I really think age makes a large difference with 8s; they're probably the type most likely to be juvenile delinquents (but not just violent crime) with 6w7s not far behind but sx 8s are not really all that likely to be in the criminal justice system after their 20s.

8w7 and 6w7 are definitely the most likely to drive drunk. Those with a 7 wing seem to actually be more prone to criminal behavior and addictions than core 7s.

Basically, in a psychiatric ward the ones there to get more drugs/help with an addiction problem will be just about all 8w7 sx and 6w7 sx; the ones there for mania and/or intellectual disability will all be 1w2 so/sp.


----------



## CelineDijon (Jul 5, 2016)

So it would be a 1 mentality to not feel sympathetic towards certain people you perceive as 'bad' ? Even if the people died? ''Well at least no innocent person died''


----------



## Dangerose (Sep 30, 2014)

CelineDijon said:


> So it would be a 1 mentality to not feel sympathetic towards certain people you perceive as 'bad' ? Even if the people died? ''Well at least no innocent person died''


I think so, though technically it could be a justification method for anyone


----------



## bundleofraindrops (Feb 25, 2018)

ESTP 8w7 or ESTP 6w7 sx probably tops the list.


----------



## richard nixon (Sep 14, 2017)

I also forgot to mention that social 1w2 is probably the type most likely to rape. Most rapists are said to not be very emotionally expressive but still angry inside and to be rigid so 1w2 fits. 1w2 is also probably underrepresented among white collar people/holders of doctorates and artists so they'd be more likely to be hostile towards women since they don't have much. 

6w7s and 8w7s tend to be feminists so while those types may be overrepresented for violent crime, they're actually underrepresented for rape.


----------



## Dangerose (Sep 30, 2014)

richard nixon said:


> 1w2 is also probably underrepresented among white collar people/holders of doctorates and artists so they'd be more likely to be hostile towards women since they don't have much.


Really? I would think overrepresented 



> 6w7s and *8w7s tend to be feminists* so while those types may be overrepresented for violent crime, they're actually underrepresented for rape.


Really??
I don't think it's possible to know really what type most rapists are, probably very low on the health levels and not in the same bracket as people who are choosing most of their actions based on values (i,e, even if most 6 and 8s are feminists, or deeply religious, or have very high moral principles, that's not going to affect the low, much smaller bracket of 6 and 8s who are likely to become rapists)

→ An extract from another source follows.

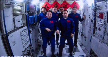 国际的 中国空间站第三次“太空会师” 新老乘组拍“全家福” 北京时间26日晚,神舟十六号航天员与神舟十七号航天员相聚太空,实现中国空间站第三次“太空会师”。 随着神舟十七号飞船稳稳停靠中国空间站,19时34分,神舟十六号乘组打开“家门”,一起等在“家门口”迎接队友的到来,航天员朱杨柱掏出手机记录这一珍贵瞬间。当神舟十七号乘组指令长汤洪波打开飞船轨道舱舱门,“神十六”乘组不约而同地鼓掌欢迎,6名航天员围在“家门口”热情相拥。 随后,6名航天员两两结对,老乘组细心地帮助新乘组适应太空失重环境,扶着他们一起“游”进天和核心舱,这里早已布置好由航天员景海鹏亲自书写的“欢迎队友”横幅。 神舟十七号乘组是中国空间站迎来的第六批“住户”,也是第二批航天员首次带领第三批新航天员进入太空,“年轻”是这一乘组的最大特点。人们还注意到,神舟十六号、十七号乘组在成员搭配上也有明显区别。前者首次包含“航天驾驶员、航天飞行工程师、载荷专家”3种航天员类型,后者全部是航天驾驶员。 乘组选拔有何特殊考量?中国载人航天工程副总设计师杨利伟表示,这是针对空间站任务需要选拔的。神舟十六号任务科学实验多一点,航天飞行工程师、载荷专家更适合执行任务。神舟十七号任务的舱外活动更复杂,就需要尽可能选拔航天驾驶员。 在天和核心舱“站”定后,6名航天员开启了“唠嗑”模式。朱杨柱说,能在中国空间站见到兄弟们非常高兴,“激动一天了”。汤洪波感慨,再次回到核心舱,有种回到“太空家乡”的感觉。 MumtazOctober 27, 2023

Not sure if I should write it and it's just speculative, but I would think 8s were overrepresented in rapists, the type has lust as its vice, desire to dominate others, as well as not typically sensitive, tending to act rather than think or feel in any given moment. . . at the same time 8s drive to protect the innocent and sense of honour, high self-worth would draw them away from this crime

And I'd probably think of 6 too, but it's easy to see reasons this could happen for any of the Enneagram types, at a very low level, and as I said I don't really think it's possible (or worthwhile) to know


----------



## CelineDijon (Jul 5, 2016)

Wow this thread really went to shit. A lot of ridiculous things being said.


----------



## VinnieBob (Mar 24, 2014)

CelineDijon said:


> What type is likely to have this attitude: ''Well, if a person is worthless and contributing nothing but grief to society, might as well exterminate them because nothing of value will be lost'' ?
> 
> What type was the Punisher? He was a vigilante and seemed to be hellbent on correcting injustices.


PSYCHOPATH
any unhealthy type is capable of violence


----------



## CelineDijon (Jul 5, 2016)

People say that but I don't necessarily agree. I think there must be some type more likely to do this. Just can't find out a way to do a study on it, obviously.


----------



## Paradigm (Feb 16, 2010)

CelineDijon said:


> Wow this thread really went to shit. A lot of ridiculous things being said.


Yeah, the original question isn't even the most interesting, either... More interesting and less ridiculous would've been, imo, "what type of crime is each type likely to commit?" Because while "violent crime" is rampant, some people have different ideas on what exactly is violent (such as limiting it only to assault or murder), and other types of crime can be much more damaging overall. Emotional/verbal abuse, (identity) theft, neglect, lack of explicit consent, all sorts of things that aren't necessarily "violent" but generally have lifelong consequences.

Then again, that kind of question - same as this one - could easily (always) lead to typism and forgetting that certain types are just as human (that is, capable of damaging _and _capable of compassion) as others...


----------



## Surreal Snake (Nov 17, 2009)

I would say Type. 1,2,3 and 4 maybe more prone to violence but everyone in certain situations could be prone to violence of course


----------



## richard nixon (Sep 14, 2017)

2w1 is the type most likely to rape. Sorry.


----------